| Supplied data |
****************************************

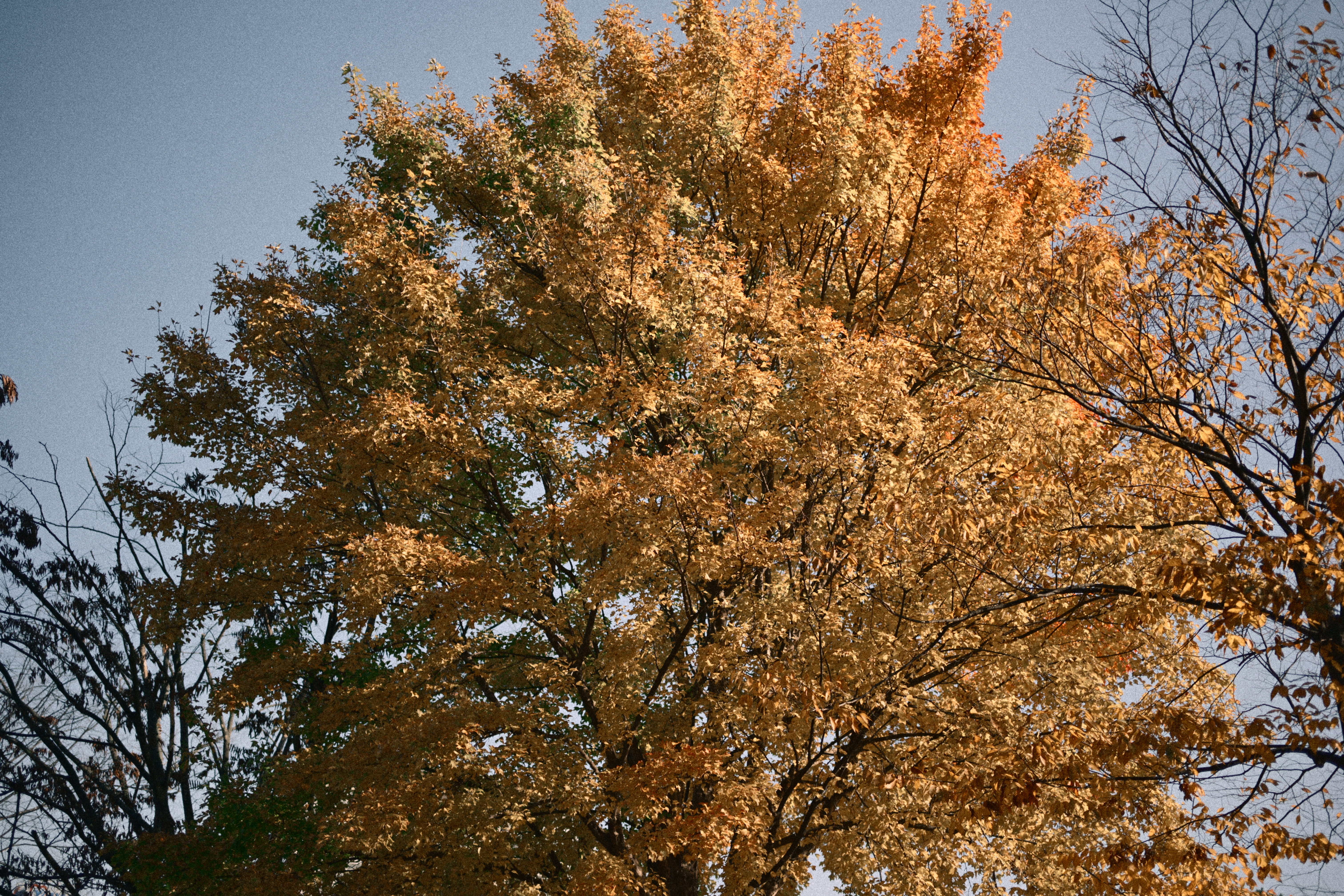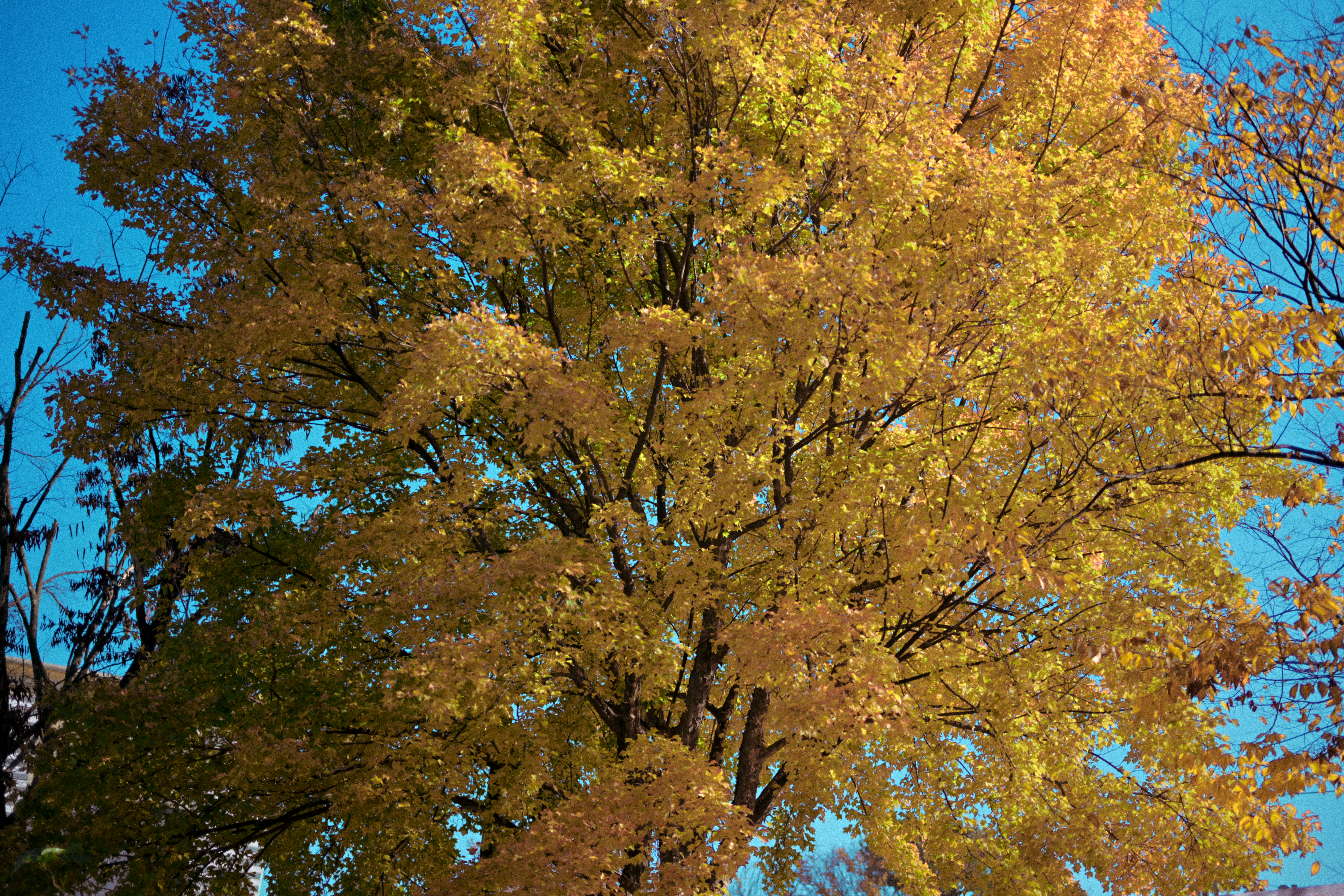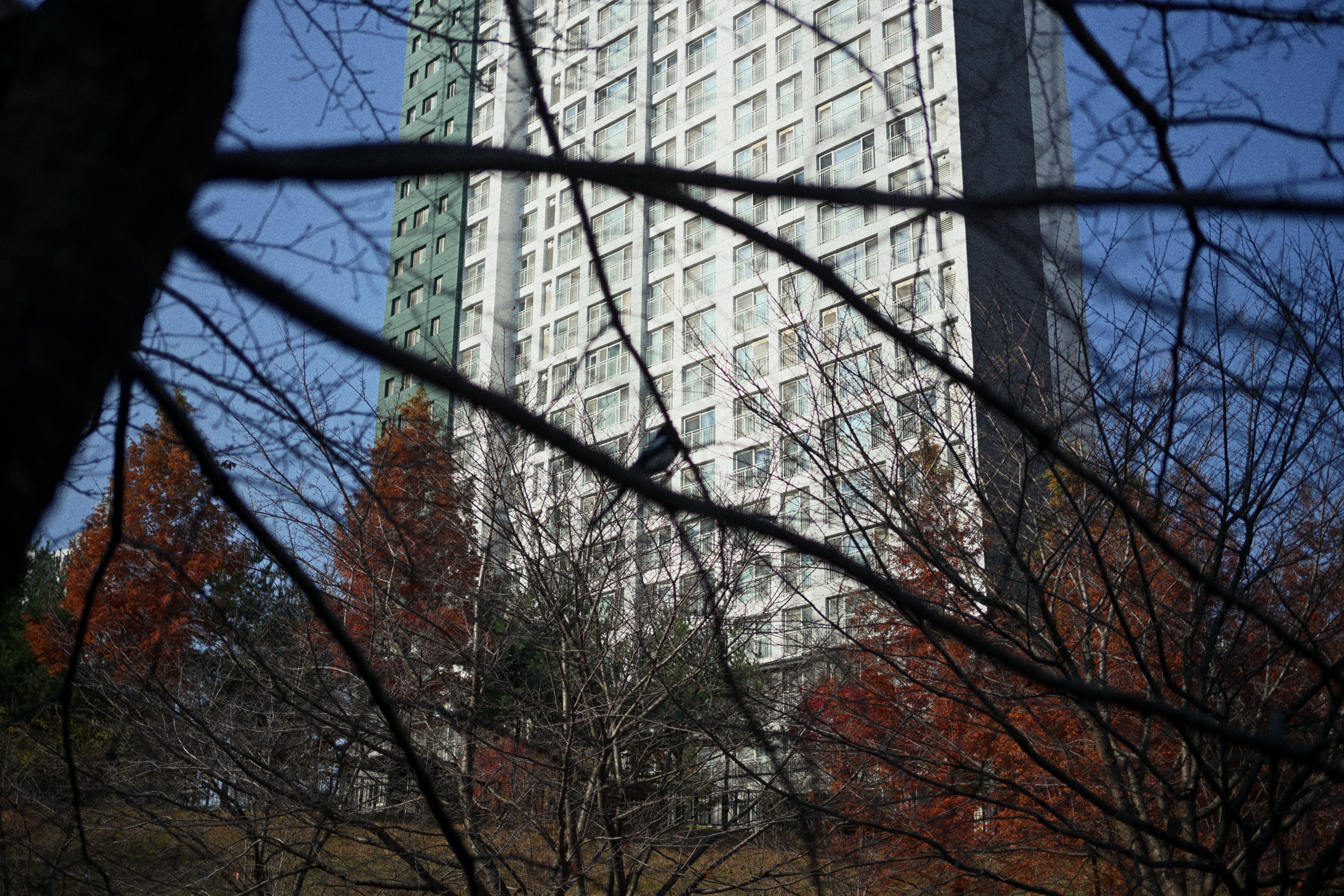 사진을 색감만 조금 달리해서 두 장을 찍어봤는데, 결과물이 생각보다 마음에 들었다. 같은 나무를 바라보고 있는데도 색감이 달라지니 전혀 다른 계절처럼 보인다. 하나는 부드럽고 약간 무거운 톤이라 늦가을의 고요함이 느껴졌고, 다른 한 장은 하늘색이 과장되어서 다른 분위기를 연출할 수 있다는 것이 참 재미있었다. 같은 피사체라도 색감에 따라 이렇게 다르게 표현될 수 있다는 점이 새삼 신기했고, 그래서 사진 작업이 더 좋아지는 것 같다. 지금 보는 시선을 그대로 담아내는 것도 좋지만, 색을 조금만 바꿔도 전혀 새로운 느낌이 생기니, 마치 다른 장소를 여행하는 것 같은 기분이다.
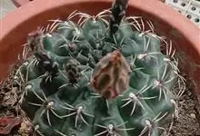 绯花玉 Speg.)是仙人掌科、裸萼球属多肉植物,植株呈扁球形,表皮墨绿色,刺针状,每个刺座有5枚灰色周刺,花生于球体顶端,夏季开花,花色有白、粉红、深红等。果实纺锤形,深灰绿色,种子黑色。…全部>>
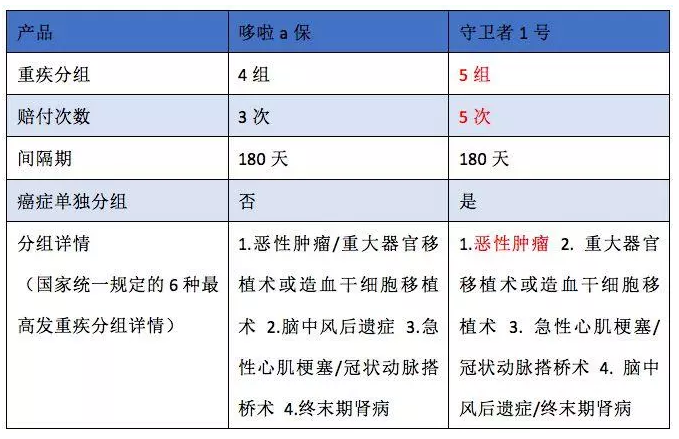 與產品相比不僅可以超過價格,哆啦A保的覆蓋范圍可以說是非常全面和科學的,而輕癥2次嚴重疾病2次的安排更為合適。所以除了價格和賠付次數(shù),保障中的守衛(wèi)者1號細節(jié)上,有什么優(yōu)勢呢?
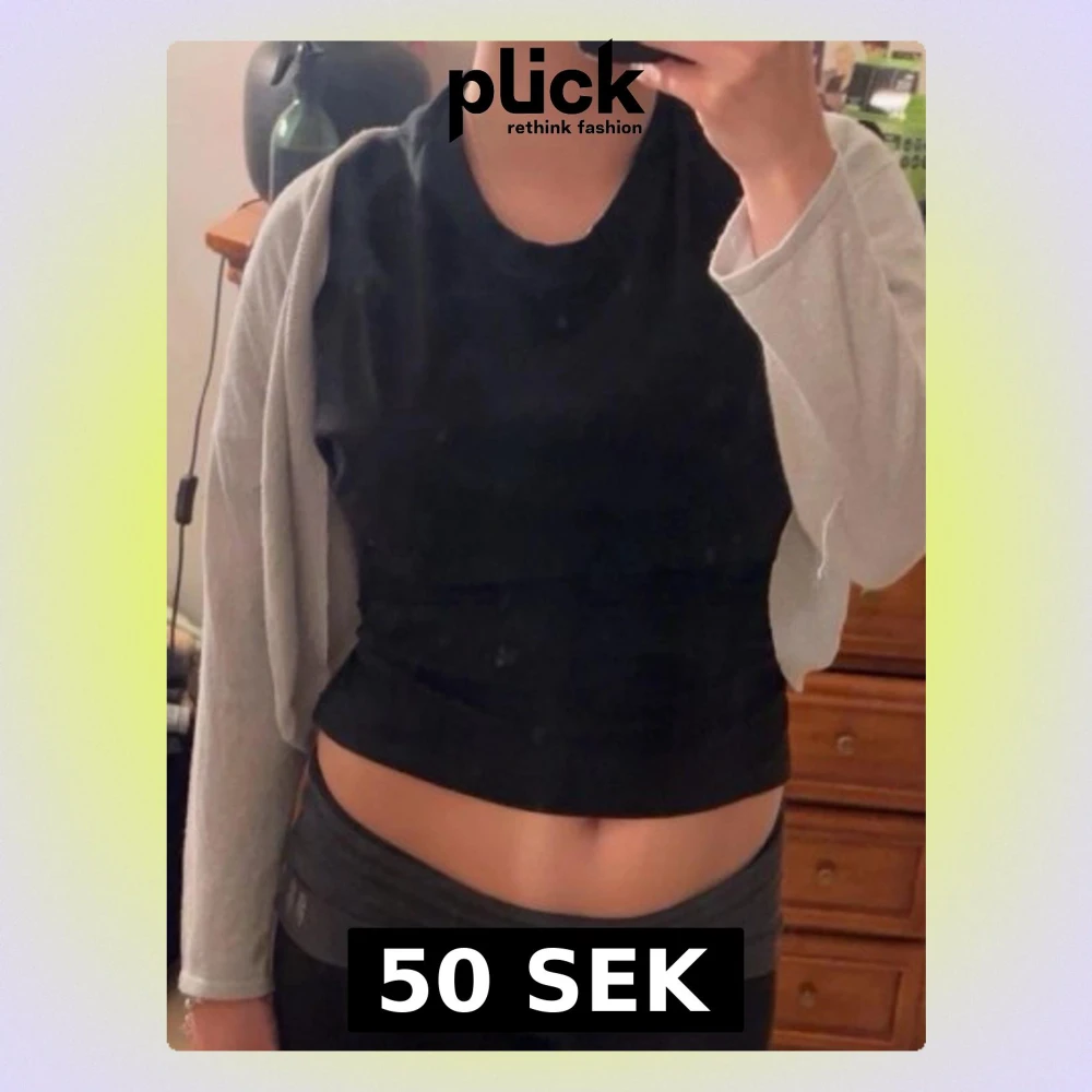 Säljer en ljusgrå glittrig kofta med lång ärm och croppad passform. Perfekt att slänga över ett linne eller t-shirt för en extra touch. Materialet är mjukt och har en lätt skimrande effekt som gör outfiten lite mer speciell.

****************************************

| Task instructions |
Write out exactly the lines from the line that contains "绯花玉 Speg.)是仙人掌" to the last line of the material above, both included; pictures do not belong in the copy.

| Output for this task |
 绯花玉 Speg.)是仙人掌科、裸萼球属多肉植物,植株呈扁球形,表皮墨绿色,刺针状,每个刺座有5枚灰色周刺,花生于球体顶端,夏季开花,花色有白、粉红、深红等。果实纺锤形,深灰绿色,种子黑色。…全部>>
 與產品相比不僅可以超過價格,哆啦A保的覆蓋范圍可以說是非常全面和科學的,而輕癥2次嚴重疾病2次的安排更為合適。所以除了價格和賠付次數(shù),保障中的守衛(wèi)者1號細節(jié)上,有什么優(yōu)勢呢?
 Säljer en ljusgrå glittrig kofta med lång ärm och croppad passform. Perfekt att slänga över ett linne eller t-shirt för en extra touch. Materialet är mjukt och har en lätt skimrande effekt som gör outfiten lite mer speciell.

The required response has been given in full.